Being an occasional user of Berteau in that stretch of proposed greenway, it will be nice to legally salmon the one-ways, but otherwise, who cares?  I never felt the need for "calming" or whatnot while riding it.  The advantage of Berteau is that its a sidestreet with a light at Ashland.

If I want to cut over from Lincoln to Clark I'll take something farther south.  Berteau ends at a cemetery wall which is just never a destination for me.

My concern is two fold.  The first is that the "calming" really won't calm anything and make it more hazardous.  And the second is that Salmoning is a bad practice and anything which encourages it should be discouraged.  They should have had the "guts" to really Greenway Berteau.    No parking, Cul de sac's every few blocks with Bicycle cut throughs and two way the whole street.  The problem is that when you try (for the first time) a half-assed approach and it doesn't work, it won't be tried again.   Greenway's do work.   Other Cities have shown it.  But this neither fish nor fowl approach might not work.   I feel the same way about the BRT on Ashland.  BRT may well be a good alternative and should be supported... but the specific BRT devised for Ashland is a disaster waiting to happen and will set back alternate transportation many years.



envane (69 furlongs) said:

Being an occasional user of Berteau in that stretch of proposed greenway, it will be nice to legally salmon the one-ways, but otherwise, who cares?  I never felt the need for "calming" or whatnot while riding it.  The advantage of Berteau is that its a sidestreet with a light at Ashland.

Really hard to visualize what it is you're talking about here. Maybe one of our helmet-cam geeks can ride it and get us a visual?

Most of it is currently torn up for a water main project.

h' 1.0 said:

Really hard to visualize what it is you're talking about here. Maybe one of our helmet-cam geeks can ride it and get us a visual?

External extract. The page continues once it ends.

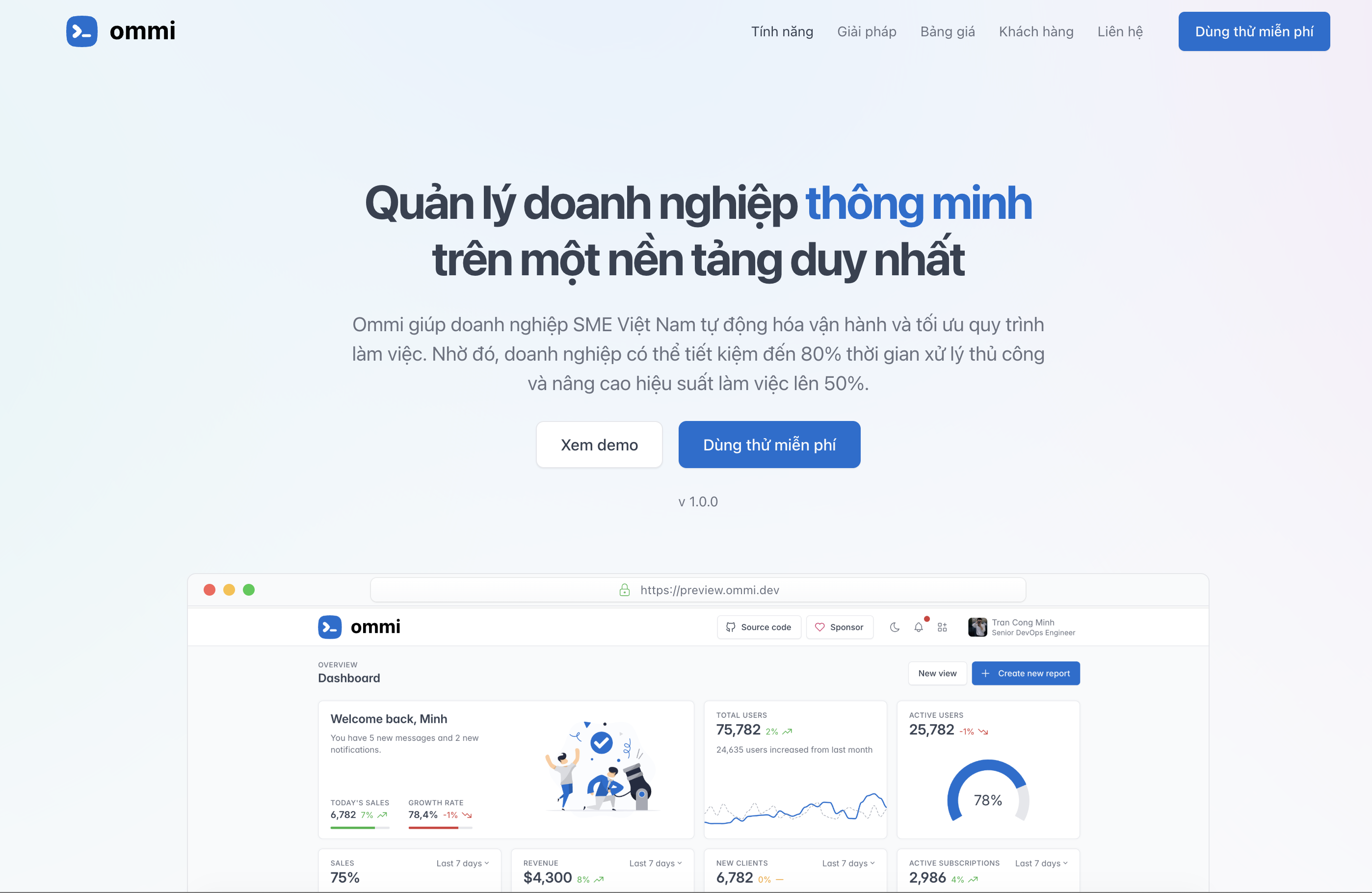 Ommi giúp doanh nghiệp SME Việt Nam tự động hóa vận hành và tối ưu quy trình làm việc. Nhờ đó, doanh nghiệp có thể tiết kiệm đến 80% thời gian xử lý thủ công và nâng cao hiệu suất làm việc lên 50%.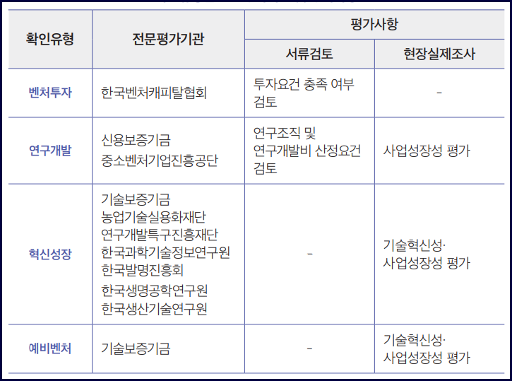 | 벤처투자유형 | 1.「중소기업기본법」제2조에 따른 중소기업일 것 2. 투자금의 총합계가 5천만원 이상일 것 3. 기업의 자본금 중 투자금액의 합계가 차지하는 비율이 10% 이상일 것 ※ 적격투자기관 : ①창업투자회사 ②창업투자조합 ③신기술금융업자 ④신기술투자조합 ⑤벤처투자조합 ⑥한국벤처투자㈜ ⑦전문개인투자자 ⑧개인투자조합 ⑨산업은행 ⑩기업은행 ⑪은행 ⑫경영참여형 사모집합투자기구 ⑬외국투자회사 창업기획자(액셀러레이터) 크라우드펀딩(전문투자자 3천만원 이상 투자) 농림수산식품투자조합 산학연협력기술지주회사 공공연구기관첨단기술지주회사 신기술창업전문회사 ⑳기술보증기금 신용보증기금 |

Cul de sacs, by which I assume you mean traffic diverters, are all over Beverly, where I ride frequently.  They do NOT calm traffic.  Instead, drivers speed from stop sign to stop sign, careen around corners, and in the few spots where safety concerns led to leaving the purported diverter with room enough for a car to go against a Do Not Enter sign, cars do so.  Cul de sacs and diverters split the grid.  We need to keep the grid connected, and to make it safer for cyclists and pedestrians there are a lot of options; but this design, you are right, is bad.  Like Elmdale from Clark/AShland to Greenview, it's a serpentine deathtrap.  To be avoided.

North Beverly, to be specific. And most of the worst offenders (in terms of speeding and movements declared illegal by posted signs) are people from the neighborhood who are tired of dealing with the rat maze created by the traffic diverters.  Dead-end blocks with true cul de sacs are really quiet.  Blocks where traffic goes through to a main street bear a disproportionately heavy burden of traffic and bad driver behavior.  The one real benefit I see is significantly lower traffic volume, because most folks who aren't from the neighborhood get lost and annoyed at driving around in circles. 

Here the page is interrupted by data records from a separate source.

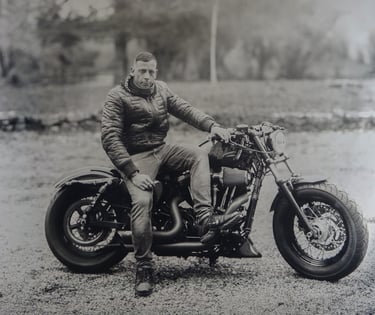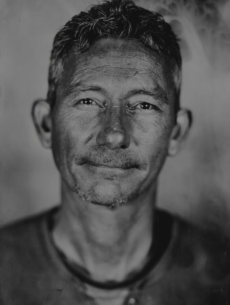 Situé près de Vannes dans le Morbihan, j'utilise le procédé du collodion humide, inventé en 1851, pour réaliser chez vous ou sur le lieu de votre choix, des ambrotypes (photographies sur plaques de verre) ou ferrotypes (sur métal).
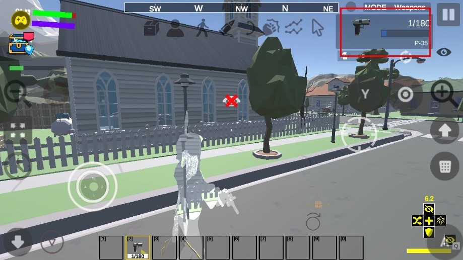 注意观察右上角的武器栏,可切换【P-35】这类枪械,以适配不同距离和强度的战斗场景;当子弹耗尽时,只需点击一下就能完成换弹操作。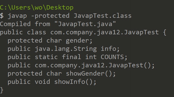 protected char showGender(); descriptor: ()C flags: ACC_PROTECTED Code: stack=1, locals=1, args_size=1 0: aload_0 1: getfield #6 // Field gender:C 4: ireturn LineNumberTable: line 34: 0 LocalVariableTable: Start Length Slot Name Signature 0 5 0 this Lcom/company/java12/JavapTest;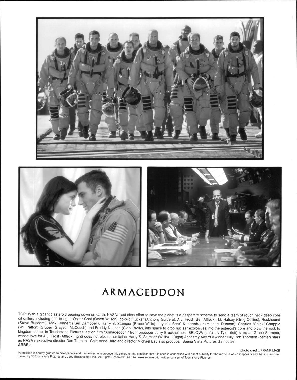 An excellent condition 1999 Touchstone Pictures original promotional 8x10 press photo for ARMAGEDDON starring Bruce Willis, Liv Tyler and Ben Affleck. These were mailed out to media and theater chains promoting the upcoming release of the film.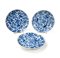 Tre piatti in porcellana bianca e blu con fitta decorazione floreale, Cina, XVIII secolo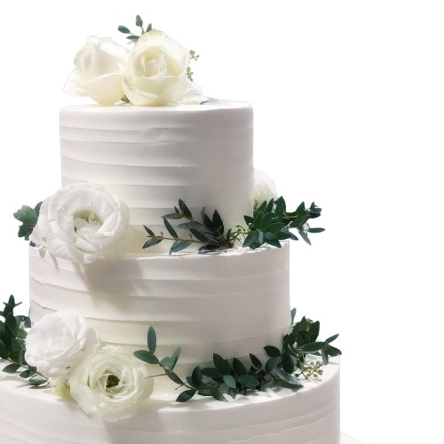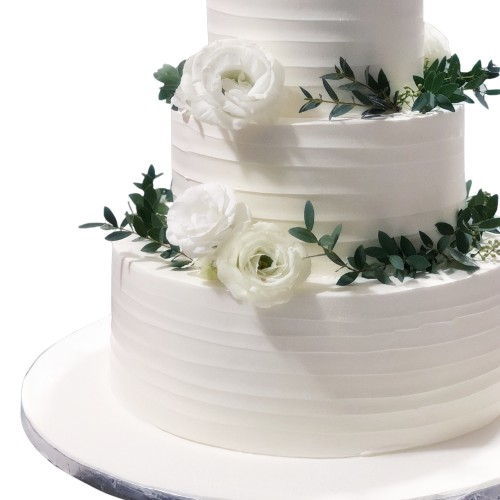 A timeless white 3-tier wedding cake with a textured line finish. This cake is crowned with sprigs of ruscus and lovely fresh white eustomas. NOTE: Fresh floras are seasonable and may be subjected to changes and stock availability. Further customisation options (e.g. Number of tiers, colours, finishes) and priority delivery available, subjected to availability. Please email us at enquiries@pgcake.com for more details.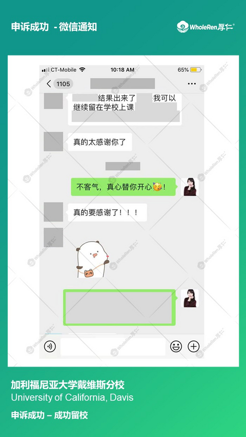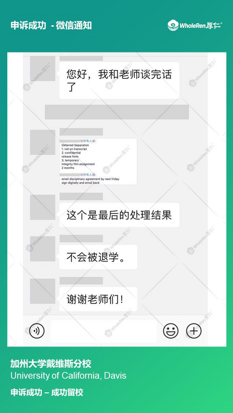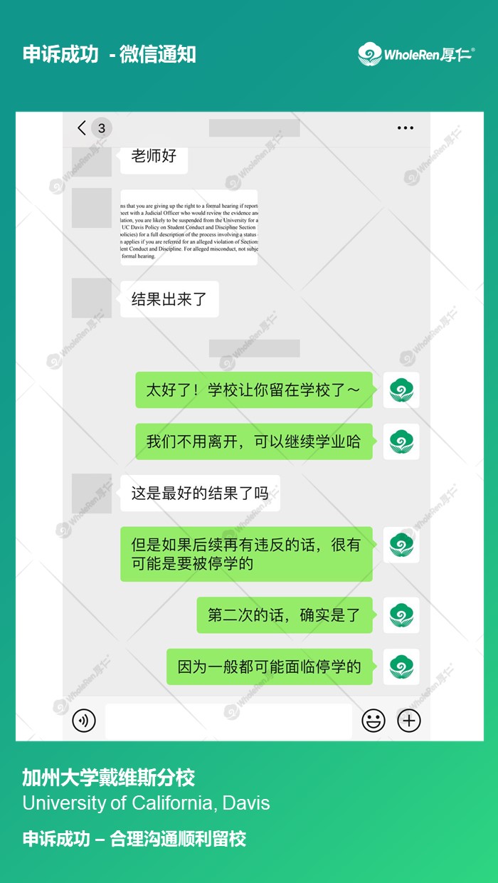 X同学在来到美国后因为课程选择不当,导致一直跟不上老师的教学节奏,最终因为GPA不达标被学校开除。 在进入服务的当天便是申诉的截止日,专家老师快速帮助学生理清申诉要点,指导学生完成优质申诉信,仅仅一天的时间指导学生申诉成功,X同学继续留校。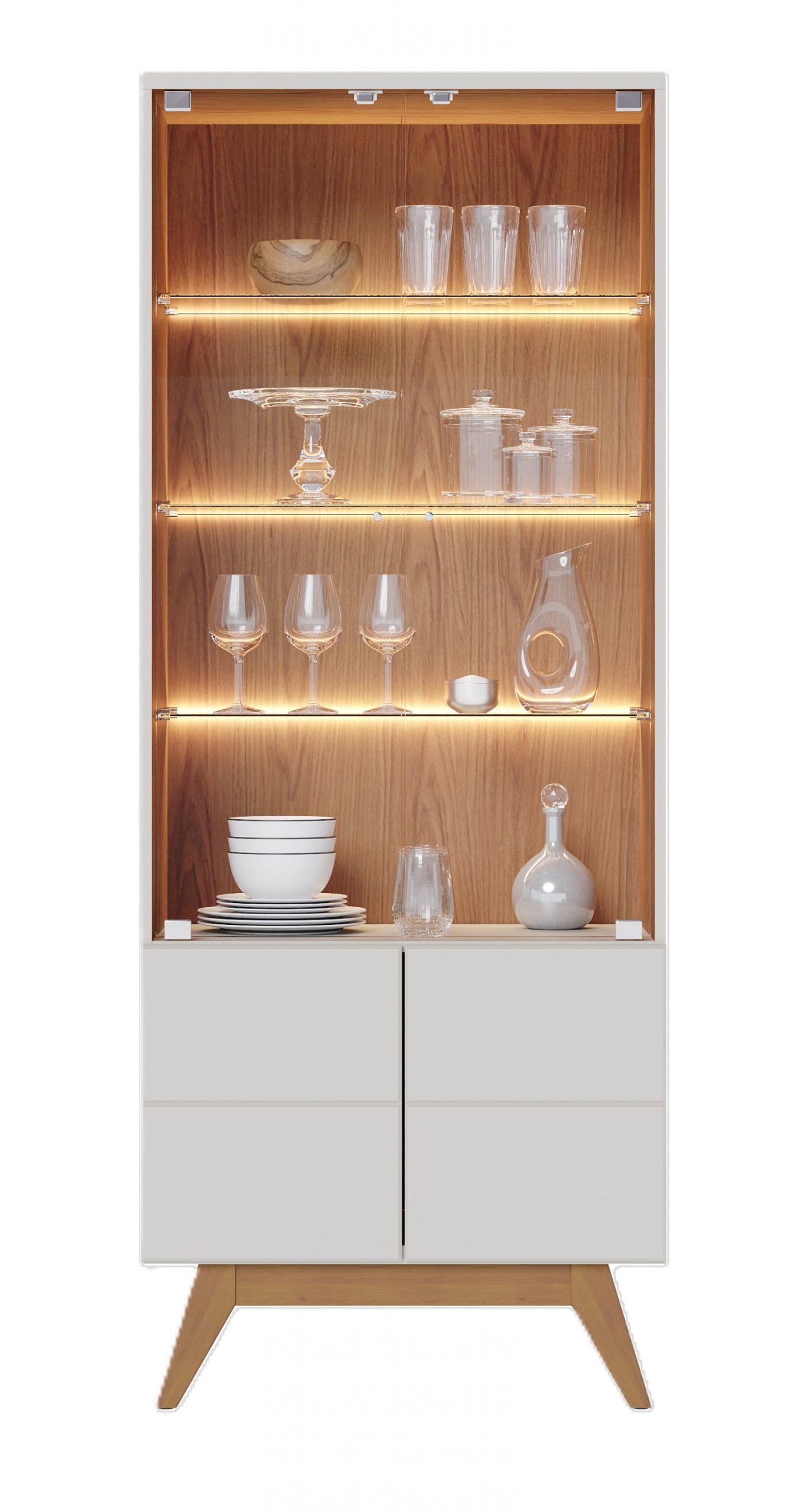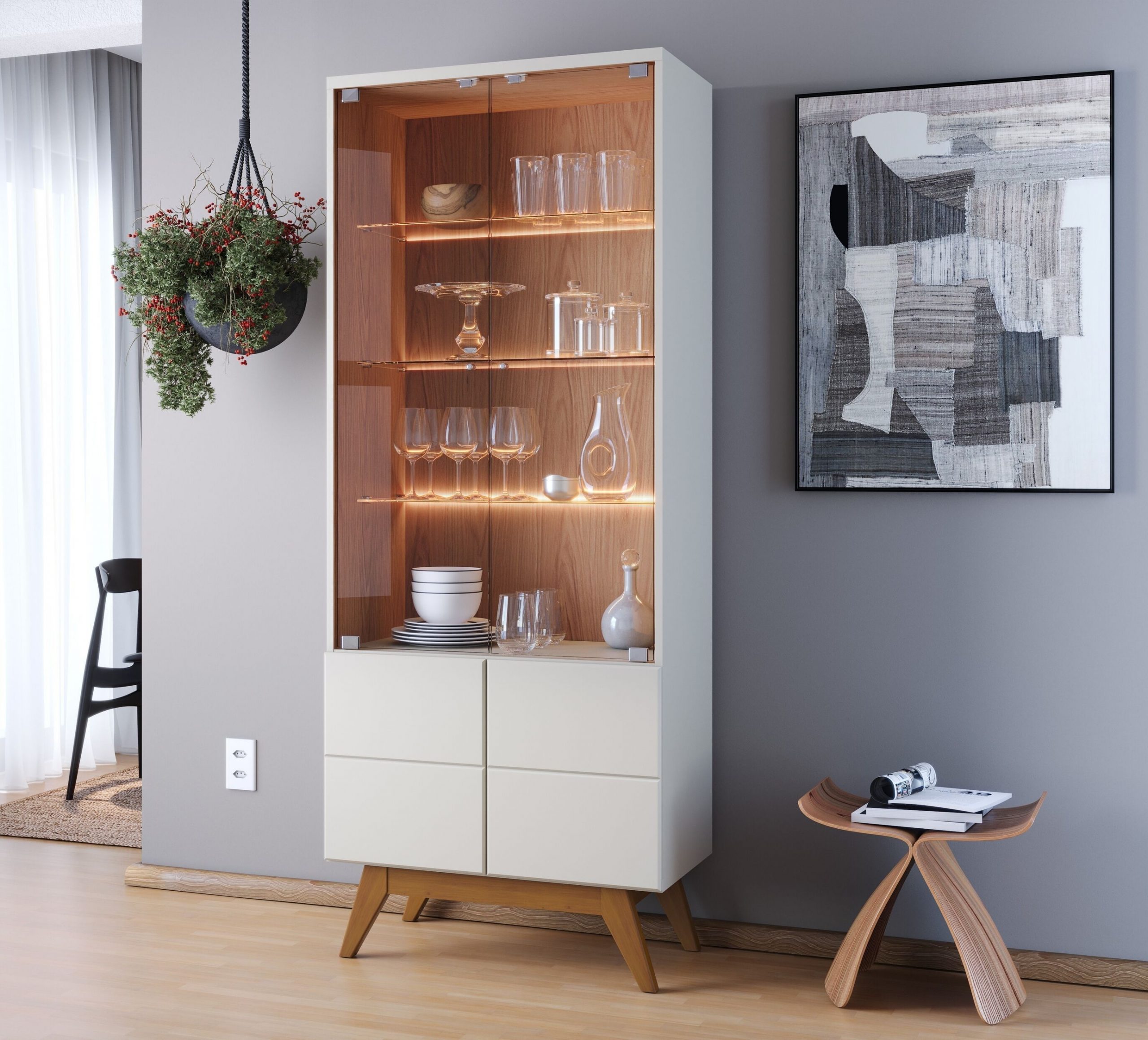 اعرض مقتنياتك الثمينة وخزّن الأساسيات بأناقة مع خزانة عرض نورونيا. تتميز هذه الخزانة بأبواب زجاجية علوية مزودة بإضاءة LED مدمجة، بالإضافة إلى درجين سفليين. يجمع تصميمها الأنيق بين لوحات غير لامعة بلون أوف وايت وإطار ولمسات بلون خشب فريجو الدافئ. قطعة عصرية وعملية مثالية لغرف المعيشة أو الطعام أو مداخل المنزل.

FYI - this rat maze treatment was imposed on North Beverly by the former alderman on her part of the neighborhood - handled somewhat like Daley having Meigs Field bulldozed, from what I've heard.  When she proposed similar treatments for the rest of the ward, most people said "NO WAY!!!"

Seems like this kind of treatment is difficult to execute well - without creating a lot of unintended negative side effects.  I've had good experiences with the example Bill mentions on Elmdale.  I will reserve judgment on Berteau until I've had a chance to ride it a few times.

Bill Savage said:

Cul de sacs, by which I assume you mean traffic diverters, are all over Beverly, where I ride frequently.  They do NOT calm traffic.  Instead, drivers speed from stop sign to stop sign, careen around corners, and in the few spots where safety concerns led to leaving the purported diverter with room enough for a car to go against a Do Not Enter sign, cars do so.  Cul de sacs and diverters split the grid.  We need to keep the grid connected, and to make it safer for cyclists and pedestrians there are a lot of options; but this design, you are right, is bad.  Like Elmdale from Clark/AShland to Greenview, it's a serpentine deathtrap.  To be avoided.

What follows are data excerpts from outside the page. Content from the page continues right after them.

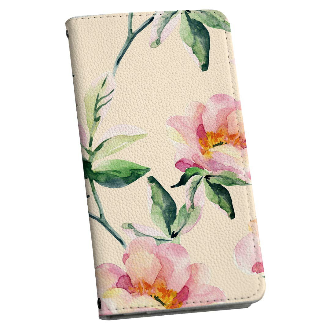AQUOS wish2 / wish 用 SH-51C / SHG06 / A104SH / SH-M20 共通対応 内側プリント 対応 ケース カバー 手帳型 マグネット式 ピタッと閉まる レザーケース カード収納 ポケット 012479 ハイビスカス 花 ピンク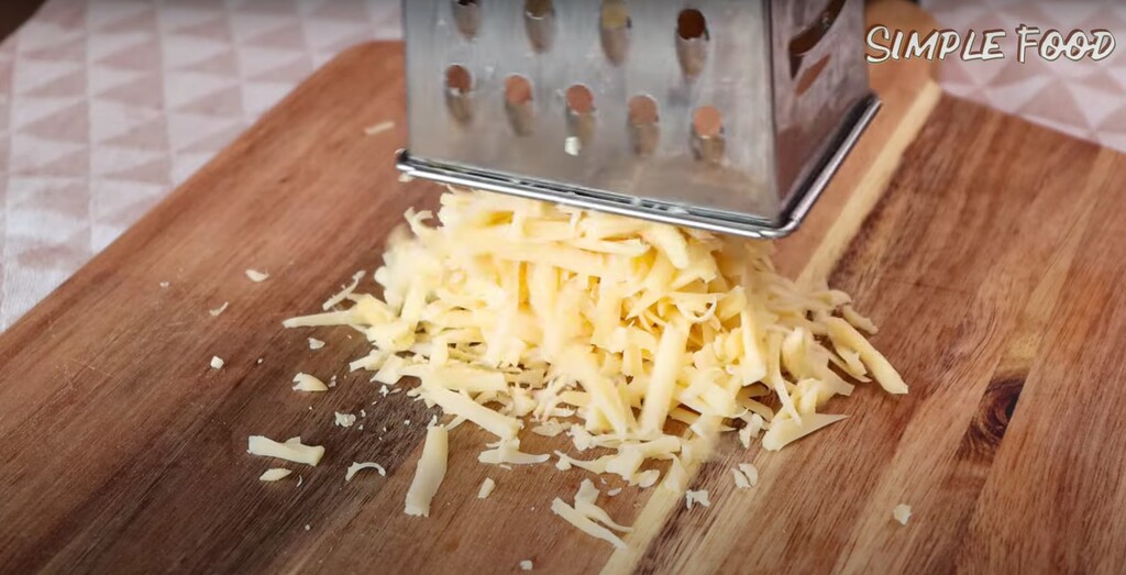 Помидоры лучше брать не крупные, а среднего размера. Так с ними будет удобнее работать и блюдо получится красивее в готовом виде. Еще нам нужен будет сыр, грамм 50 будет достаточно. Хотя, если вы такой же любитель сыра как и я, то можно и больше. Кстати, берите тот сыр, который хорошо плавиться. Измельчаем его на крупной терке.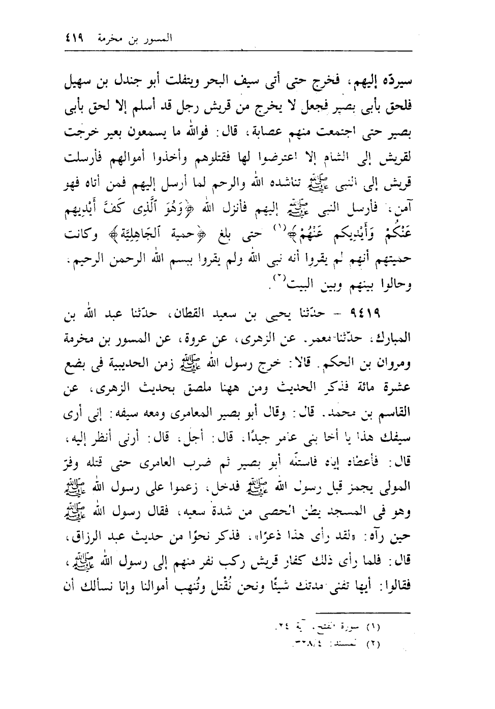 9419 - حدثنا يحيى بن سعيد القطان، حدثنا عبد الله بن المبارك، حدثنا معمر، عن الزهري، عن عروة، عن المسور بن مخرمة ومروان بن الحكم، قالا: خرج رسول الله - صلى الله عليه وسلم - زمن الحديبية في بضع عشرة مائة فذكر الحديث ومن ههنا ملصق بحديث الزهري، عن القاسم بن محمد، قال: وقال أبو بصير المعامري ومعه سيفه: إني أرى سيفك هذا ياأخا بني عامر جيداً، قال: أجل، قال: أرني أنظر إليه، قال: فأعطاه إياه فاستله أبو بصير ثم ضرب العامري حتى قتله وفر المولى يجمز قبل رسول الله - صلى الله عليه وسلم - فدخل، زعموا على رسول الله - صلى الله عليه وسلم - وهو في المسجد يط الحصى من شدة سعيه، فقال رسول الله - صلى الله عليه وسلم - حين رآه: ((لقد رأى هذا ذعراً)) ، فذكر نحواص من حديث عبد الرزاق، قال: فلما رأى ذلك كفار قريش ركب نفر منهم إلى رسول الله - صلى الله عليه وسلم -، فقالوا: أيها تفنى مدتك شيئاً ونحن نُقْتل وتُنهب أموالنا وإنا نسألك أن

I ride that section of Elmdale daily, and it can go either way. Some drivers slow down. Other drivers freak out about being stuck behind a bike (the areas with chicanes and bumpouts are generally too narrow to pass) and rush to pass in the short stretches in between these features--which they end up doing at unsafe speeds (and sometimes on the right if I have taken the lane) in order to complete the pass before the next chicane. The speed bumps east of Greenview on Elmdale are much more effective at slowing traffic.

I was involved in the discussions about the Berteau Greenway (I live/lived on it), and frankly, it's SUPER watered down (nearly unrecognizable) from the original plan. The car-dependent somewhat NIMBY homeowners in the area made such a prolonged fuss that the bike program had to go back to the drawing board more than once. It's a shame, because the original plan would have made it a good choice for cutting from Lincoln to Clark. 

Grid Chicago did a great job following/reporting on the plans at the time.

hahahaha

Jared said:

If I want to cut over from Lincoln to Clark I'll take something farther south.  Berteau ends at a cemetery wall which is just never a destination for me.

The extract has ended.